WHAT NEEDS TO BE DONE: In the records below, find the line that contains "Po kratkem postanku" and the line that contains "Der Memory-Schaum des"; write out exactly those two lines and everything between them, without the pictures.
[DATA RECORDS Boundary: Start]
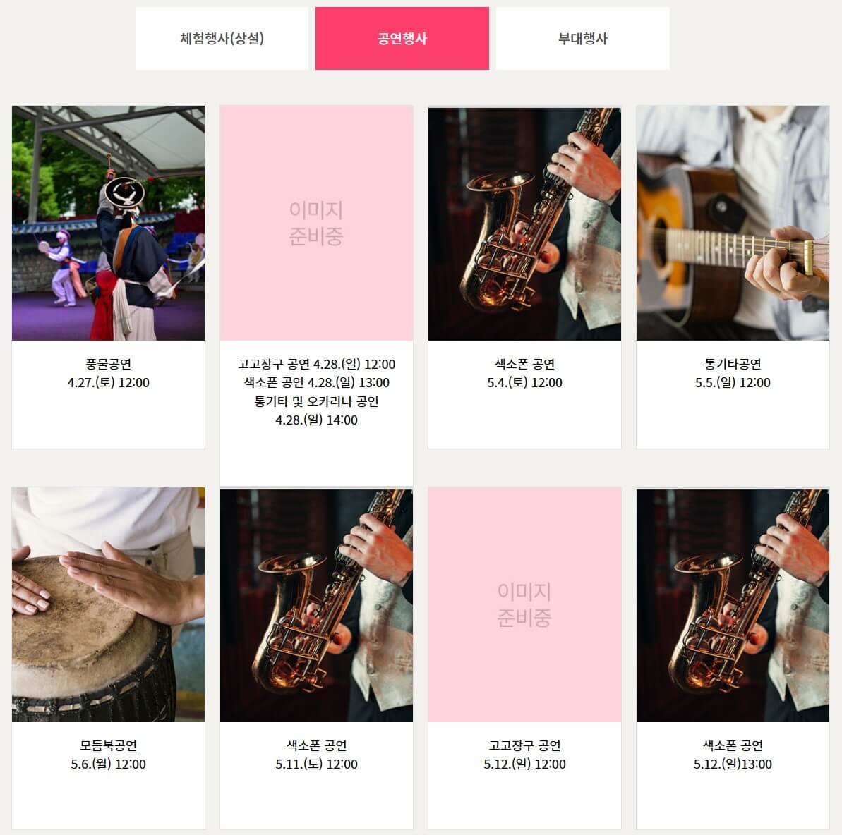 주요 무대를 비롯하여 축제장 기반시설의 재난·안전관리 강화를 위해 각각의 축제부스를 재배치하고 관람 편의를 위해 관람 동선에 따른 체험장 및 판매장 공간도 효율적으로 배치하였습니다.
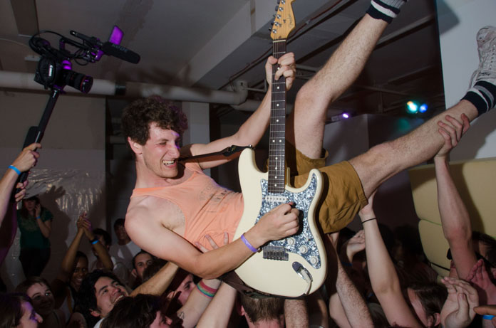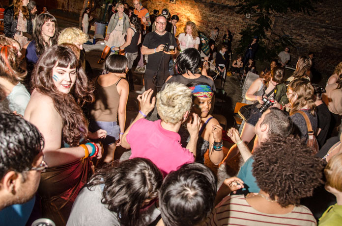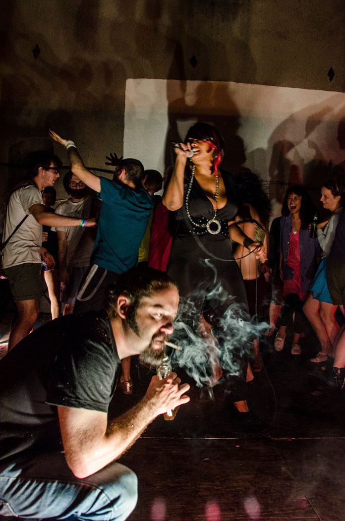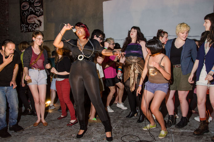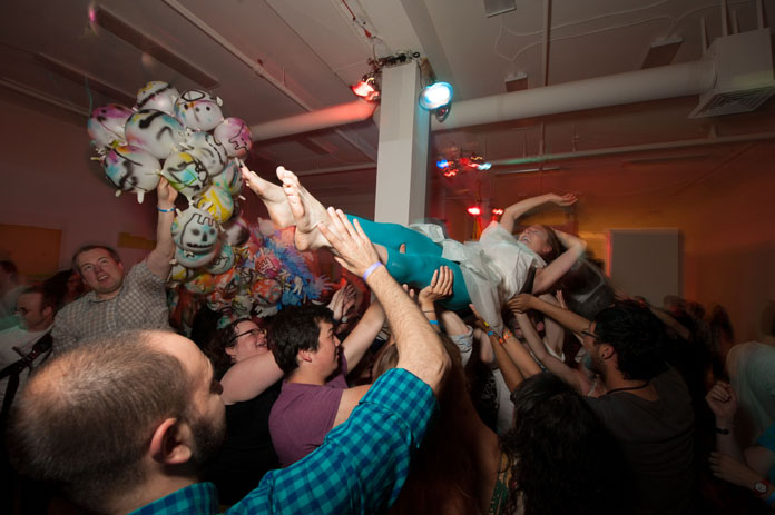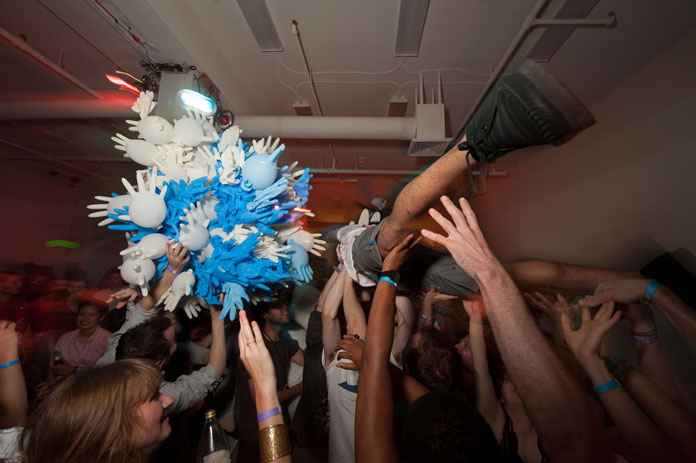 Pushed norms are what keep the art world so interesting. The 9th Annual Transmodern Festival helped to make sure that innovative artists who stray from tradition actually get the credit they deserve. From Thursday, May 17th to Sunday, May 20th, Baltimore got their radical on at a handful of venues ( The Current Space, Alley-OooooooPs!, D:center @ MAP, the 14Kt Cabaret, and the Pedestrian Service Exquisite @ Baltimore’s Farmers Market and Bazaar) as colorful and as the shows and performances they hosted. Highlights of the long weekend included art installations and video projections on crowd surfing, the beloved sport of many DIY-loving Baltimore folks. The work on crowd surfing was curated by Katie Kehoe and included performance by local punk rawk duo Weekends (Adam Lempel and Brendan Sullivan), who tore up D:center from the throne of the hands of their audience. The space also hosted the Effervescent Collective, whose piece The Peanut Gallery ran for a half an hour on both Friday and Saturday. Transmodern, as is obvious from the following photo essay, exposed the wonderful weirdness of Baltimore art.
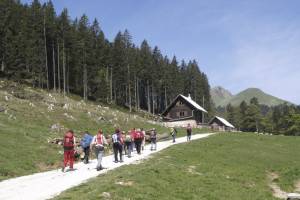 Po kratkem postanku in okrepčilu smo se odpravili nazaj do Pustega rovta in naprej do Križevca kjer smo parkirali, toda tokrat smo šli po spodnji vozni poti, katero so naredili pred parimi leti in s tem olajšali dostop do planine.
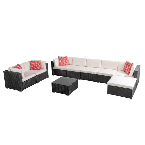جلسات خارجية للمنازل من رتان بيور باللون الأسود والذهبي – أثاث خارجي عصري
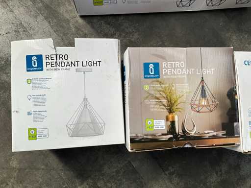 Waaronder 3 diverse hanglampen en 1x ceramische tafellamp
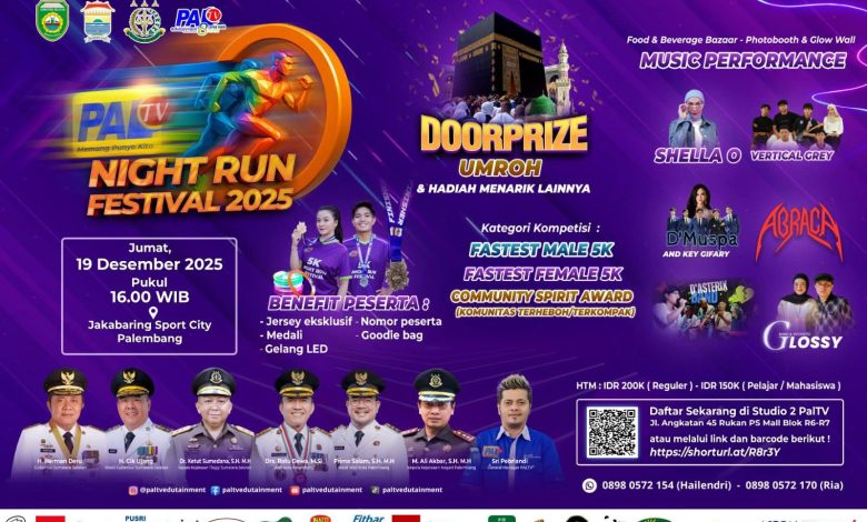 MyMegawisata.com, Palembang — Ajang olahraga dan hiburan bergengsi PALTV Night Run Festival 2025 siap menyemarakkan akhir tahun masyarakat Palembang.
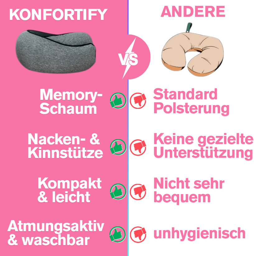 Der Memory-Schaum des Kissens passt sich jeder Position an und bietet perfekten Halt. Kein Nackensteif mehr, egal wo Sie sitzen!
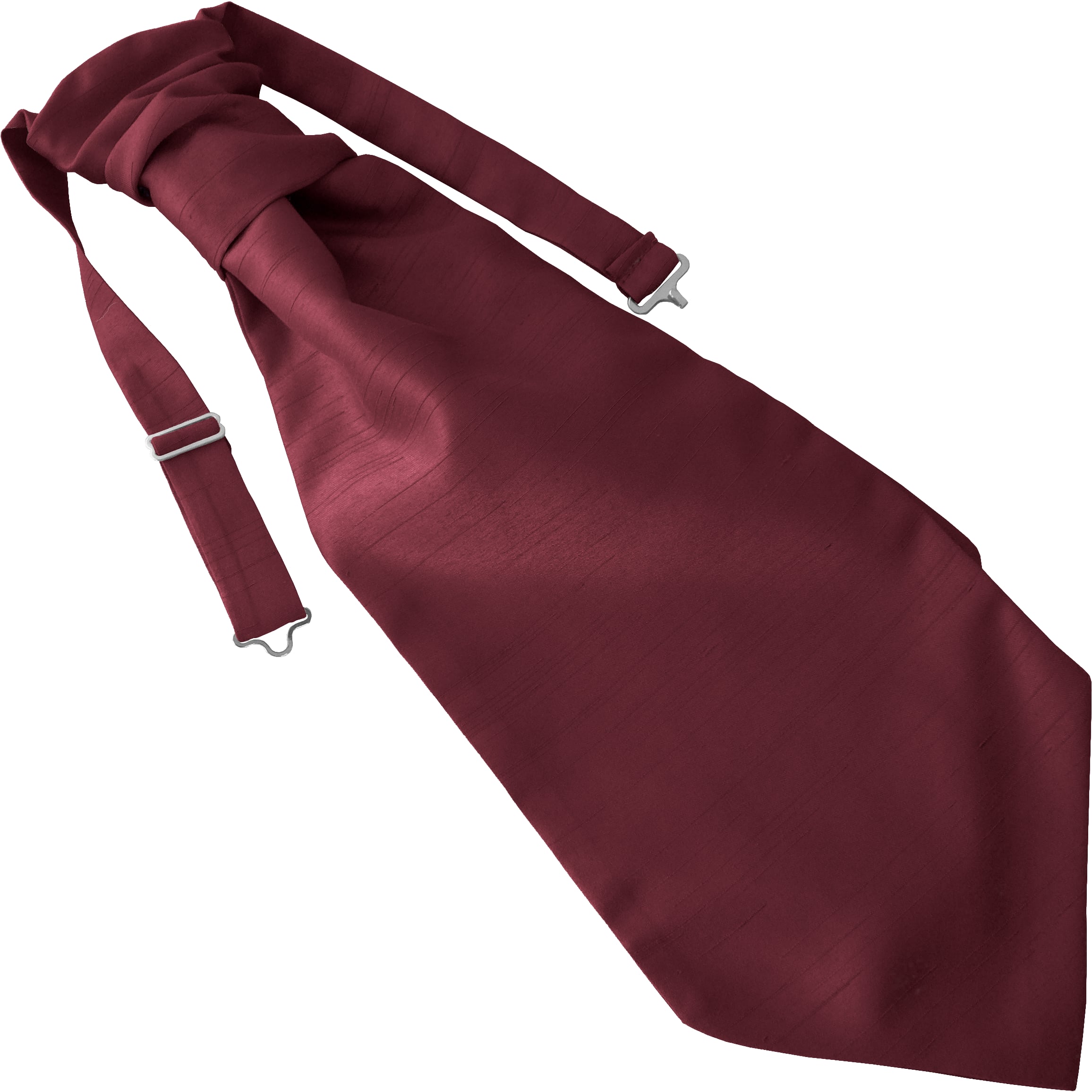 Dark Wine Adult Ruche Cravat made in the UK from High quality cloth produced with a Dupioni faux slub woven Polyester fabric. Direct from UK manufacturer. The Ruches measure 14.5 inches long from the top of the knot to the tip of the cravat and are 5.5 inches across at the widest point. The neckband is suitable for collars up to 19 inches. Please note, Ruche cravats are intentionally short as they are intended to be worn with a waistcoat. The shorter length prevents ruffling and discomfort under the waistcoat.
[DATA RECORDS Boundary: End]
ANSWER TO THIS EXERCISE:
 Po kratkem postanku in okrepčilu smo se odpravili nazaj do Pustega rovta in naprej do Križevca kjer smo parkirali, toda tokrat smo šli po spodnji vozni poti, katero so naredili pred parimi leti in s tem olajšali dostop do planine.
جلسات خارجية للمنازل من رتان بيور باللون الأسود والذهبي – أثاث خارجي عصري
 Waaronder 3 diverse hanglampen en 1x ceramische tafellamp
 MyMegawisata.com, Palembang — Ajang olahraga dan hiburan bergengsi PALTV Night Run Festival 2025 siap menyemarakkan akhir tahun masyarakat Palembang.
 Der Memory-Schaum des Kissens passt sich jeder Position an und bietet perfekten Halt. Kein Nackensteif mehr, egal wo Sie sitzen!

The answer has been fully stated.